Recorded data:
● ● ● ●

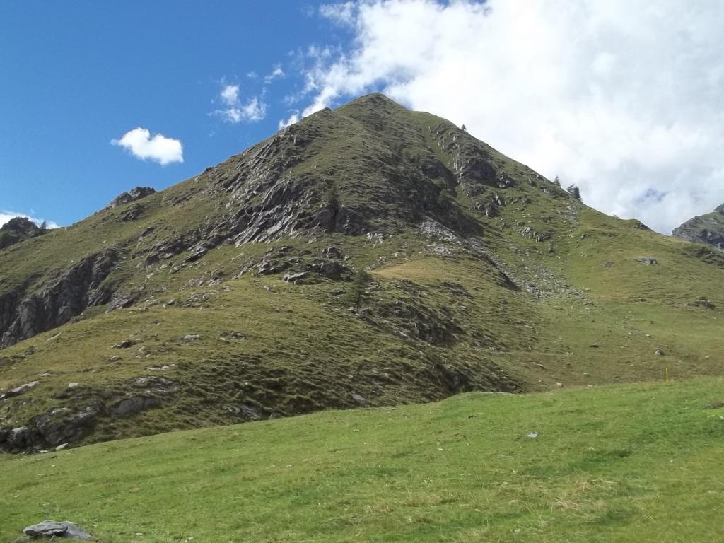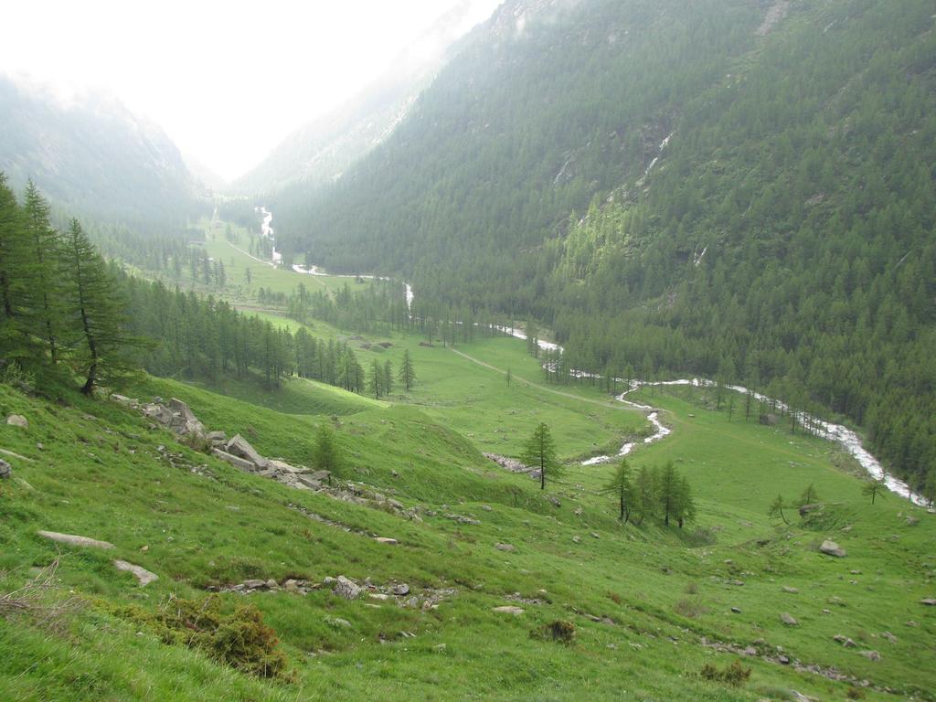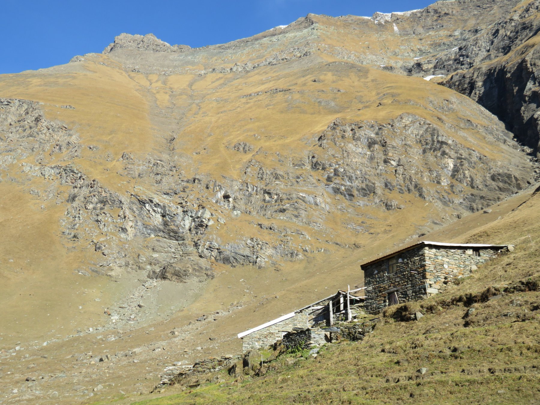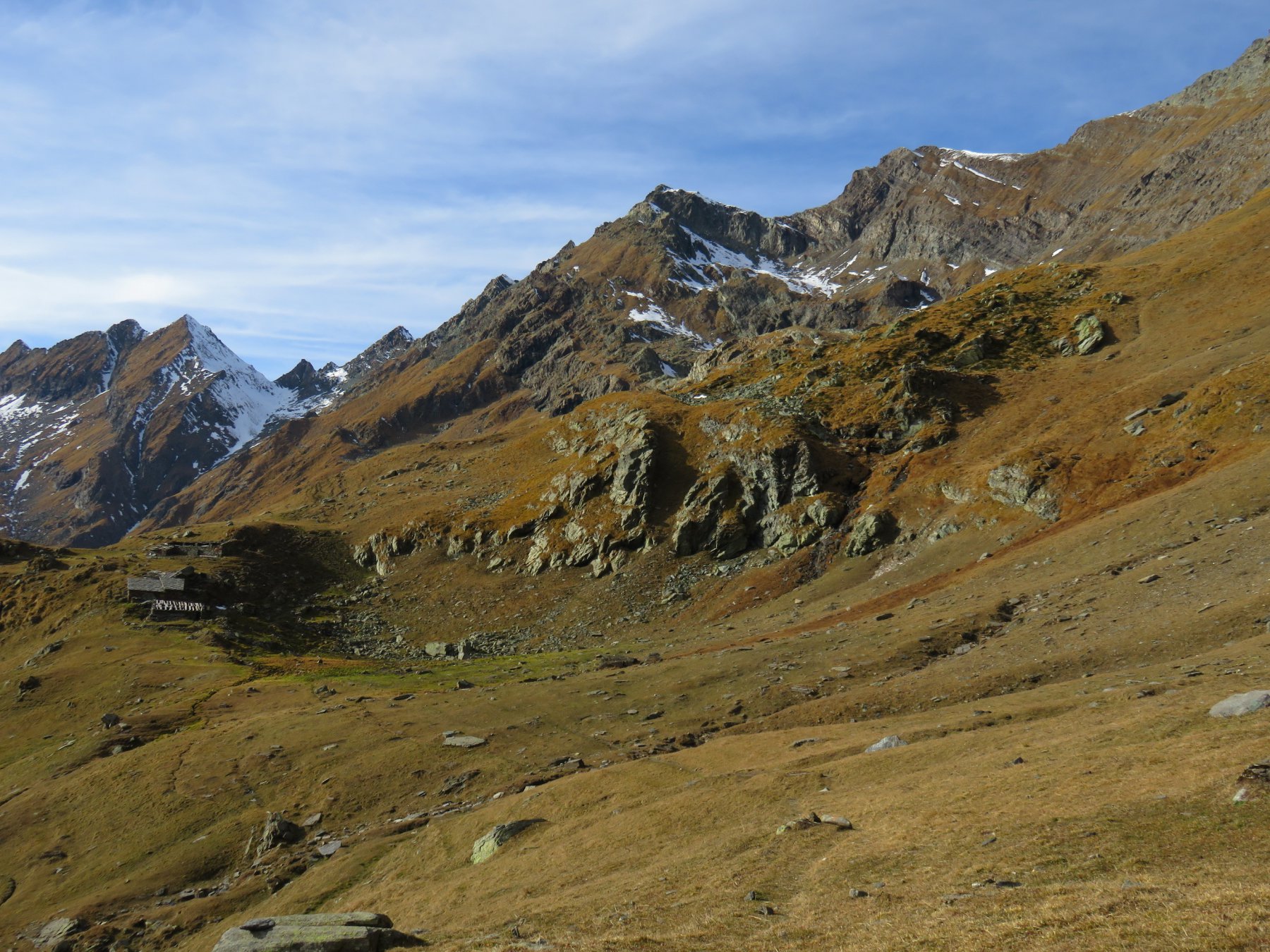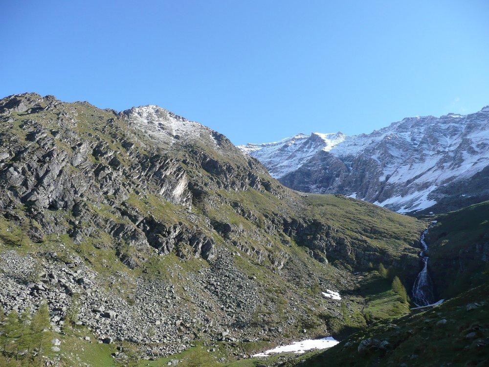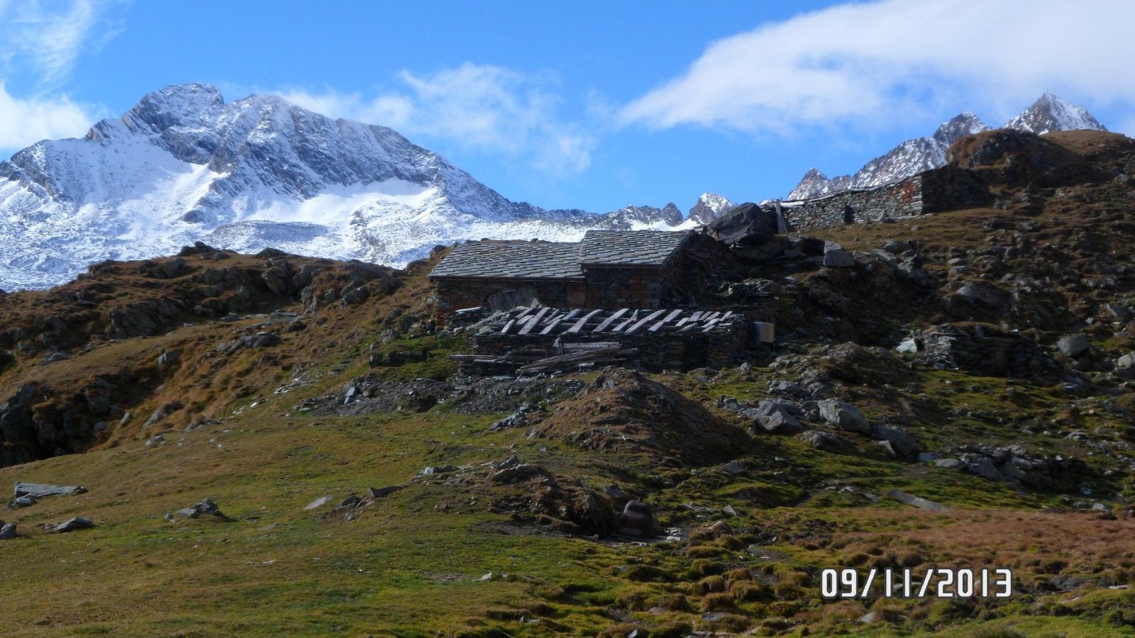 Se invece non si vuol compiere questo giro più lungo, ma solo un mini-anello più breve, si ritorna a San Besso, lasciandolo a destra per proseguire seguendo le indicazioni del sentiero 628 che scende nel selvaggio vallone a sinistra sotto la Punta dell’Orletto; rapidamente si perde quota seguendo il corso del Rio Fanton, che poi resta a sinistra. A quota 1630 m si arriva a Pugnon, dove si può sia andare a destra per giungere al bivio del sentiero 625 lungo la strada di Pian d’Azaria, oppure meglio ancora proseguire sulla traccia principale che continua a scendere ripida per prati toccando alcuni ruderi e poi un pilone votivo. Si scende ancora fino ad un prato che precede un bell’alpeggio, qui si segue la traccia a destra (non indicata ma evidente) che in breve porterà direttamente al ponticello appena dopo il parcheggio. Se invece si continua sul sentiero 628 fino al termine, si arriva al centro di Campiglia, quindi poche centinaia di metri in risalita e si torna all’auto.
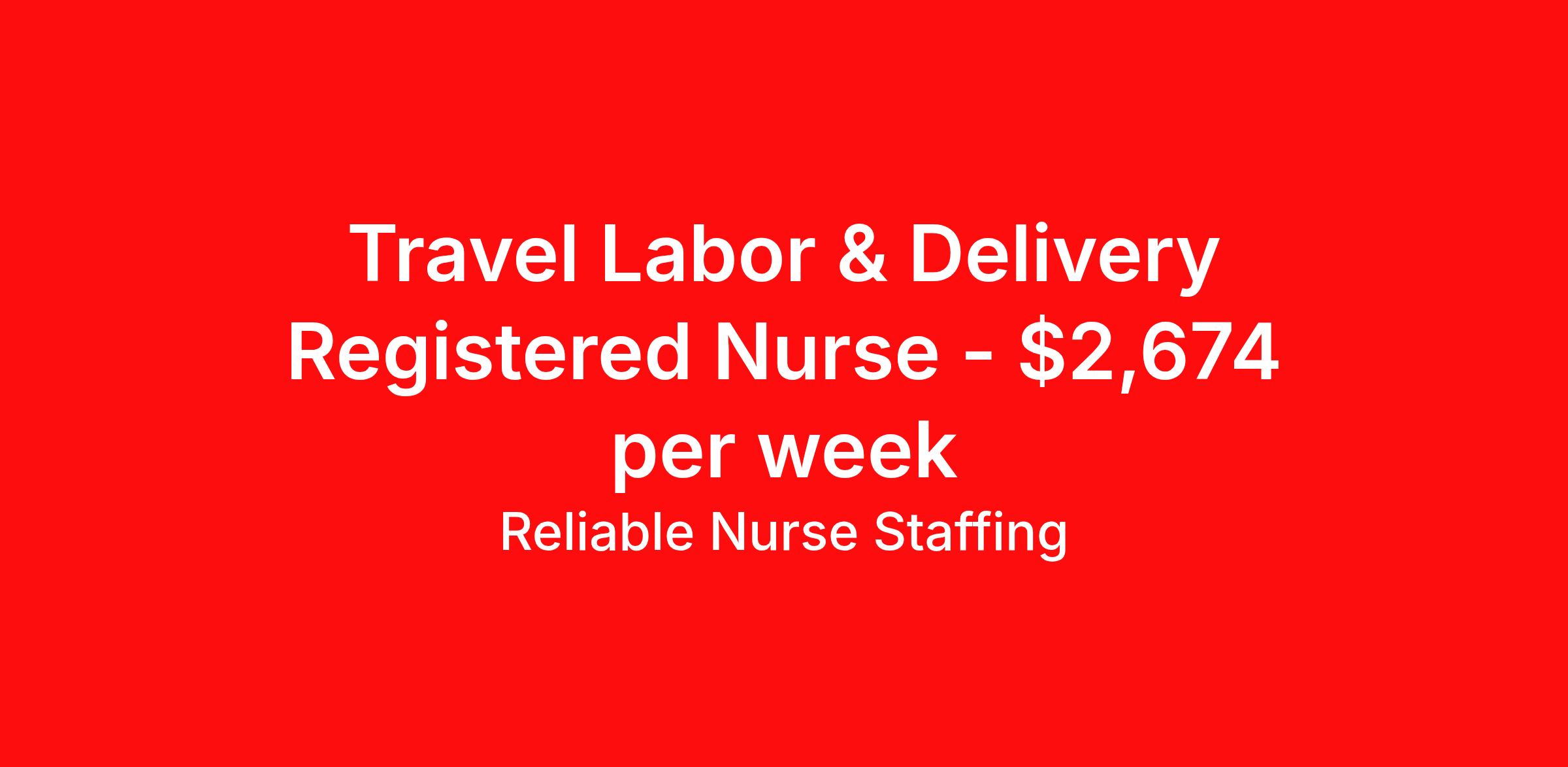 Reliable Nurse Staffing is seeking a travel nurse RN Labor and Delivery for a travel nursing job in Silverdale, Washington. Job Description & Requirements Specialty: Labor and Delivery Discipline: RN Start Date: 04/06/2026 Duration: 13 weeks 36 hours per week Shift: 12 hours, days Employment Type: Travel Reliable Nurse Staffing Job ID 60490915. Pay package is based on 12 hour shifts and 36 hours per week (subject to confirmation) with tax-free stipend amount to be determined. About Reliable Nurse Staffing Providing reliable, competent, and compassionate care to our patients and clients. Benefits Weekly pay Holiday Pay Guaranteed Hours Referral bonus Medical benefits Dental benefits Vision benefits Life insurance
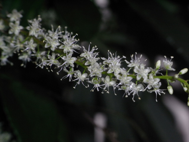 花: 每年 7~8 月是洋落葵的花期,小型白色花是它的代表,每朵花有 5 枚花瓣和 5 枚雄蕊,花序穗花序,花序 10~30 公分;花序上方接花的地方,有一小苞片,呈萼片,薄而透明,色淡粉色。
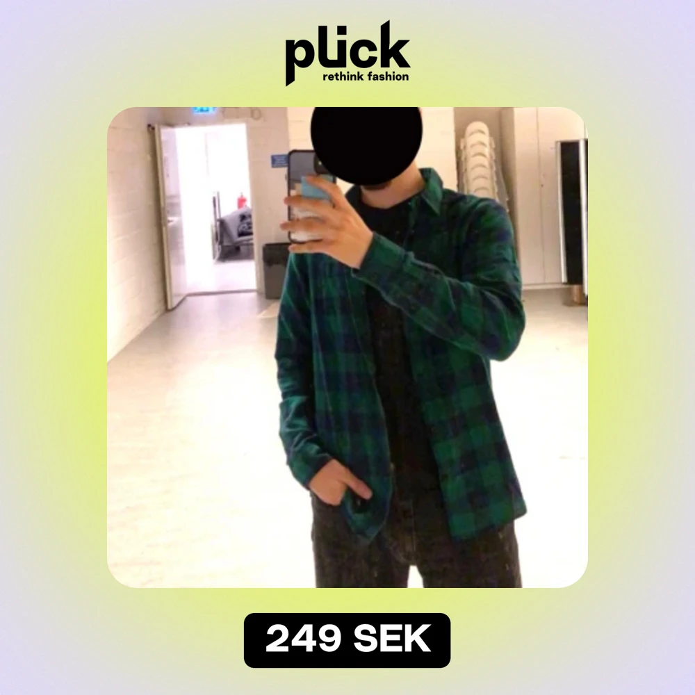 Säljer en snygg grön och svart rutig skjorta med långa ärmar. Perfekt för en avslappnad stil, kanske över en t-shirt eller som den är. Skjortan har en klassisk krage och knappar hela vägen ner. Den är i bra skick och passar perfekt för sommar, vinter
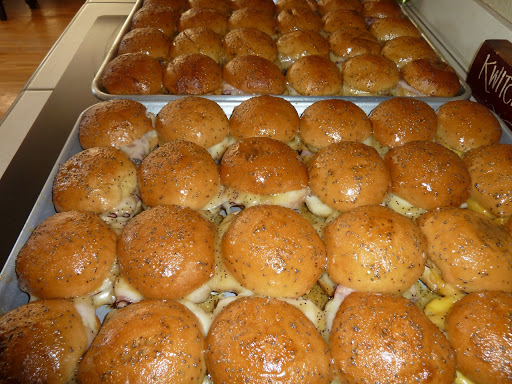 Slice rolls, if needed. Squeeze 24 rolls on an 11x15 inch sheet pan (it's okay if they are touching). Place one slice of deli meat (some of my slices were super thin, so I added another half slice with those) and one slice of cheese on the bottom half of each roll, then replace tops.
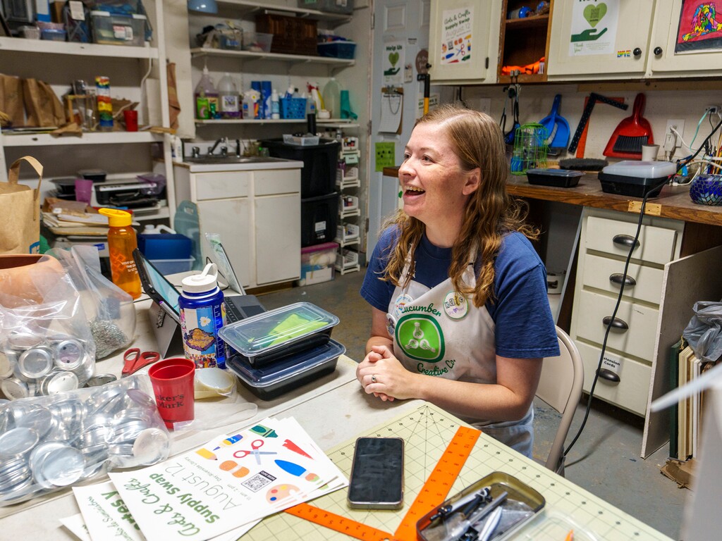 The supplies at Clever Cucumber come from Jarman-Gates’ time as a teacher, along with stuff donated from the community, and sometimes items she buys herself. People often call to donate unwanted art supplies they found in their basements. A red cart that holds some of their heavy-duty wood tools has “Mrs. Gates” written on it in black Sharpie.
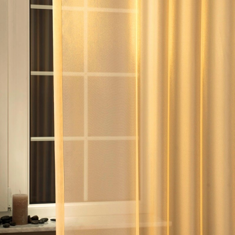 Fényáteresztő függöny méteráru, félorganza. Magasság: 300 cm. Legkisebb rendelhető mennyiség 1 méter. Liliana félorganza függöny anyag, 300 cm magas, csodálatos, sejtelmesen csillogó, félorganza függönyanyag, ólomzsinóros. Egyesíti magában az organza s
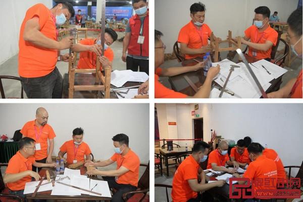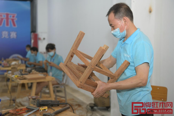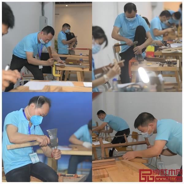 現(xiàn)場,各參賽選手在賽場精彩炫技、各顯神通,專業(yè)規(guī)范的操作手法、追求完美的品質(zhì)標(biāo)準(zhǔn)、力求速度的超越等都是此次競賽的關(guān)鍵點(diǎn)。本次競賽共有八個(gè)小時(shí)的制作時(shí)間,設(shè)立了三個(gè)考核模塊,其中包含面板裝配、腳架制作、整體組裝,參考世界技能大賽的評(píng)分標(biāo)準(zhǔn)進(jìn)行考核,極大的體現(xiàn)出了紅木家具制作工藝的精湛!

● ● ● ●

Set down, exactly as written, each line from the one that contains "Slice rolls, if" to the last line of the records, but none of the pictures.

▶ **Written response**:
 Slice rolls, if needed. Squeeze 24 rolls on an 11x15 inch sheet pan (it's okay if they are touching). Place one slice of deli meat (some of my slices were super thin, so I added another half slice with those) and one slice of cheese on the bottom half of each roll, then replace tops.
 The supplies at Clever Cucumber come from Jarman-Gates’ time as a teacher, along with stuff donated from the community, and sometimes items she buys herself. People often call to donate unwanted art supplies they found in their basements. A red cart that holds some of their heavy-duty wood tools has “Mrs. Gates” written on it in black Sharpie.
 Fényáteresztő függöny méteráru, félorganza. Magasság: 300 cm. Legkisebb rendelhető mennyiség 1 méter. Liliana félorganza függöny anyag, 300 cm magas, csodálatos, sejtelmesen csillogó, félorganza függönyanyag, ólomzsinóros. Egyesíti magában az organza s
 現(xiàn)場,各參賽選手在賽場精彩炫技、各顯神通,專業(yè)規(guī)范的操作手法、追求完美的品質(zhì)標(biāo)準(zhǔn)、力求速度的超越等都是此次競賽的關(guān)鍵點(diǎn)。本次競賽共有八個(gè)小時(shí)的制作時(shí)間,設(shè)立了三個(gè)考核模塊,其中包含面板裝配、腳架制作、整體組裝,參考世界技能大賽的評(píng)分標(biāo)準(zhǔn)進(jìn)行考核,極大的體現(xiàn)出了紅木家具制作工藝的精湛!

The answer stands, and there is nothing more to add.